しかし、戦闘の前日にあったミードからの干渉のために、作戦は初めからうまくいかなった。バーンサイドはエドワード・フェレーロ准将の下に合衆国有色人種部隊の師団が攻撃を先導する訓練をしていた。この部隊はクレーターの縁を回って移動し、続いて南軍前線に開いた裂け目を扇形に拡げる訓練を受けた。バーンサイドはその後に白人部隊からなる他の2個師団を送り込みフェレーロ師団の側面を支援しながらピーターズバーグに急行するという作戦だった。
ミードはこの作戦に自信が持てず、攻撃が失敗して黒人兵が必要もなく殺された場合に北部で政治的反動が起こると考え、バーンサイドには攻撃の先導に黒人部隊を用いないように命令した。バーンサイドはグラント将軍に抗議したが、グラントはミードの肩を持った。
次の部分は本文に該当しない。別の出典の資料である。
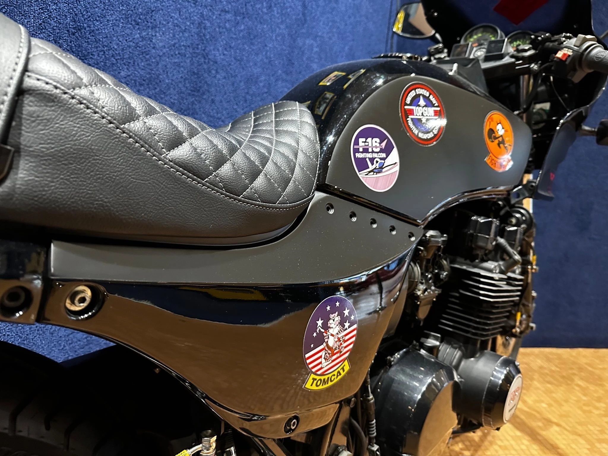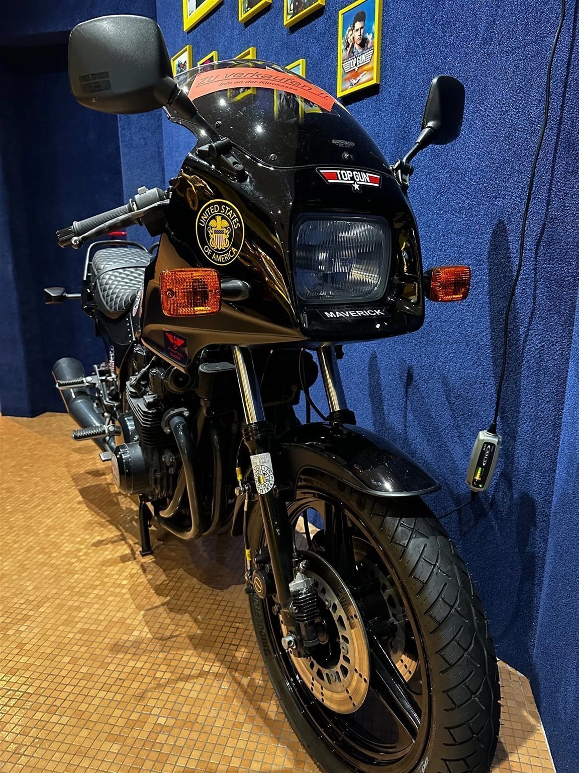 Professionell von Fachfirma voll restaurierte TopGun Kawa. Diese TopGun Kawa wurde um mehr als € 10.000,- restauriert, hat z.B. einen neuen Marvin 4in1 Auspuff, schwarze Stahflexleitungen, ALLE Dichtungen neu, pulverbeschichtete Felgen, neue matt/glänzend schwarze Lackierung ……..! Die Kawa steht in Tirol in einem Kino als Ausstellungsstück. Seit der Restaurierung (2023) wurden nur 52 Km gefahren. Die gesamt Km Leistung sowie die Unfallfreiheit wird garantiert! ANSCHAUEN LOHNT SICH!!! Weiters sind 2 dazu passende Lederkombis, 2 Paar Stiefel und Handschuhe aus dem selben Baujahr mit dabei. Auf Wunsch sind auch alle gerahmten Bilder der Ausstellung mit dabei. 06765977500. fly@markus-holzer.com PREIS IST VERHANDELBAR ;-)

バーンサイドは師団指揮官達に籤を引かせて置き換える白人師団を選択した。ジェイムズ・H・レドリー准将の第1師団が選ばれたが、レドリーは部隊兵にこれから起こることの説明ができず、戦闘中に酔っぱらっていたとも伝えられ、隊列のかなり後方にいたので、十分な指揮も執れなかった(レドリーはこの戦闘中の行動で後に解任されることになった)。
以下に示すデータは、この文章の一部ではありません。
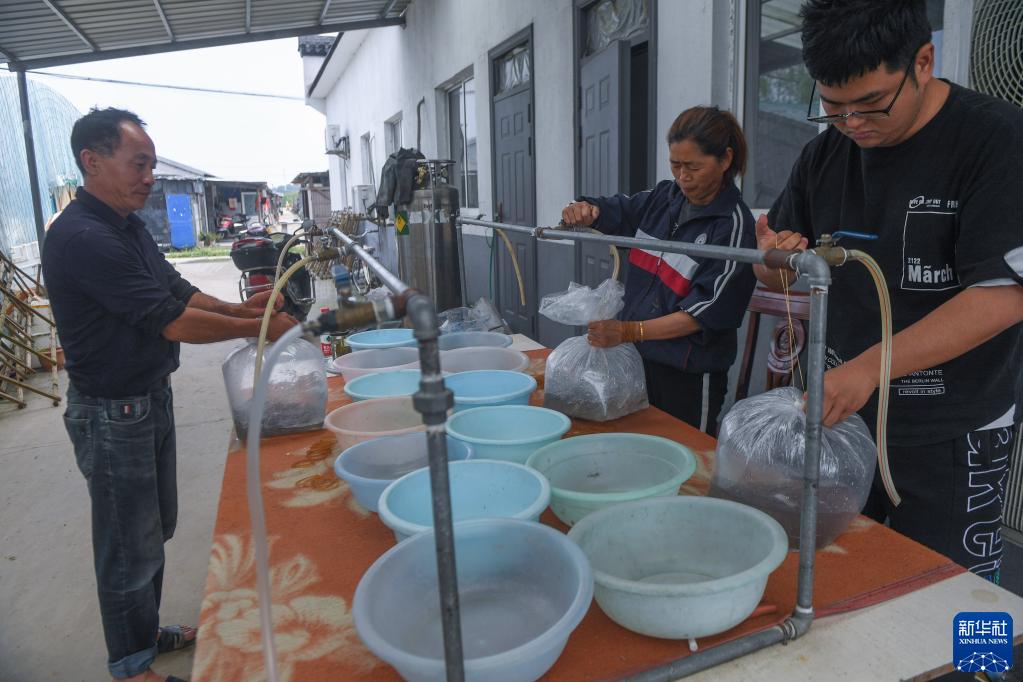 4月27日,在湖州市吳興區東林鎮保健村湖旺水產(chǎn)基地,工作人員打包魚(yú)苗準備發(fā)售給各養殖戶(hù),一袋魚(yú)苗大約有五萬(wàn)尾。

レドリーの訓練されていない白人師団はクレーターの縁を回って移動する代わりに中に割って入った。彼等はクレーターが優れた射撃壕になり、遮蔽物にもなると考えたので、クレーターの中に降りていったために貴重な時間を失い、そのことでウィリアム・マホーン少将が反撃できるだけの兵士を集める余裕を与えてしまった。約1時間以内に南軍兵はクレーターの縁に結集し、ライフル銃と大砲の弾をクレーターの中に注いだ。マホーンは後にこれを「ターキーショット」(七面鳥を狙う射撃、とても簡単なことの譬え)と呼んだ。作戦は失敗したが、バーンサイドはその損失を少なくする代わりに、さらにフェレーロの師団を送り込んだ。この部隊もクレーターの中に入っていき、その後の数時間、マホーンの兵隊やブッシュロッド・ジョンソン少将の兵士および砲兵隊が、クレーターから逃げようとする第9軍団の兵士をなぶり殺しにした。幾つかの北軍部隊は前進してクレーターから土塁の右側面に回り込み南軍の前線を襲って数時間の白兵戦で南軍を後退させた。マホーンの南軍が北軍の入ってきた右側から約200ヤード (180 m)の窪んだ溝からの掃討を実行した。この突撃で土塁を取り戻し北軍を東方に追い返した。